**Core Concept:** Glucagon-like peptide-1 (GLP-1) is an incretin hormone secreted by L cells in the gastrointestinal tract in response to food intake, primarily glucose. GLP-1 stimulates insulin secretion in a glucose-dependent manner and inhibits glucagon secretion, gastric emptying, and pancreatic beta cell proliferation. GTR (Glucagon-like peptide-1 receptor agonist) is a class of drugs that mimic the effects of GLP-1, targeting the GLP-1 receptor.

**Why the Correct Answer is Right:** The correct answer is D. **Glucagon-like peptide-1 receptor agonist (GLP-1 RA)**. This is because the main function of GTR is to stimulate insulin secretion in a glucose-dependent manner and inhibit glucagon secretion, thereby aiding in glycemic control in patients with type 2 diabetes mellitus (T2DM). GLP-1 RAs mimic the effects of GLP-1, binding to the GLP-1 receptor on pancreatic beta cells to achieve these actions.

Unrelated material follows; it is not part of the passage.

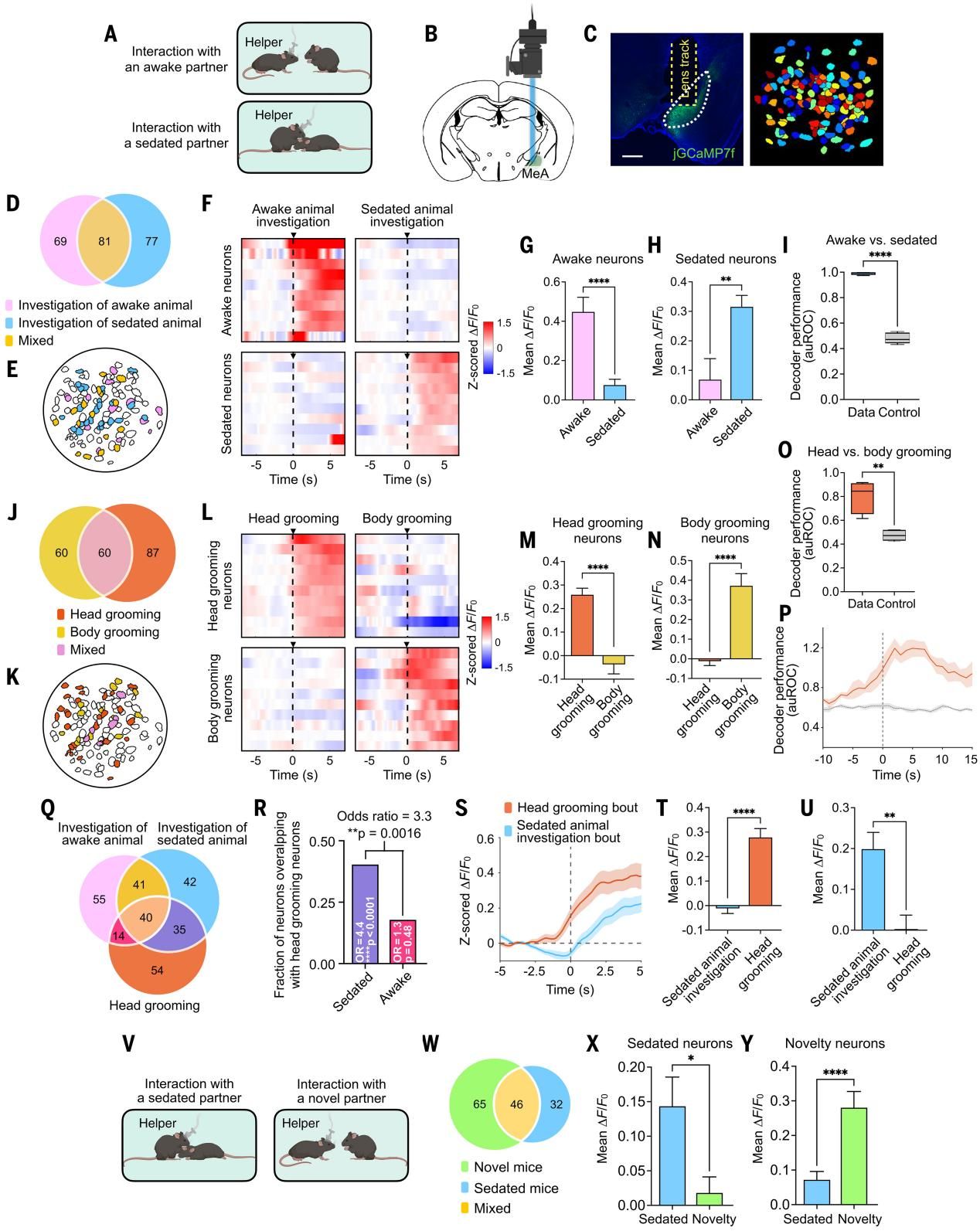 研究人员进一步研究了在头部梳理期间激活的神经元与对镇静或清醒同类的探索期间激活的神经元之间的关系,结果显示,一部分神经元在所有三种类型的事件中都响应,可能反映了这些事件共有的通用社交线索。

**Why Each Wrong Option is Incorrect:**

A. **Glucose tolerance test (GTT)**: A GTT is a diagnostic test used to evaluate glucose tolerance. While GTRs can improve glucose tolerance, the core function of a GTT is not drug therapy for T2DM.

B. **Incretin hormones**: GLP-1 is an incretin hormone, one of the three main incretin hormones (GLP-1, GIP, and GLP-2). While incretin hormones play a role in glucose regulation, the specific function of GTR is targeting GLP-1 receptor.

C. **Insulin and glucagon secretion**: GTRs do influence insulin and glucagon secretion, but the primary focus of GTRs is on the GLP-1 receptor, which is not directly related to these hormones' secretion but rather the downstream effects mediated by the GLP-1 receptor on beta cells.

E. **Glucose-dependent insulin secretion**: While GLP-1 and GTRs (D) do stimulate glucose-dependent insulin secretion, the focus on GLP-1 receptor agonism is more relevant, as it is the receptor activation that leads to glucose-dependent insulin secretion rather than the hormone itself.

**Clinical Pearl:** In clinical practice, GLP-1 RAs are a class of drugs used as an oral or injectable therapy for T2DM, demonstrating the importance of understanding the specific target receptor for these drugs.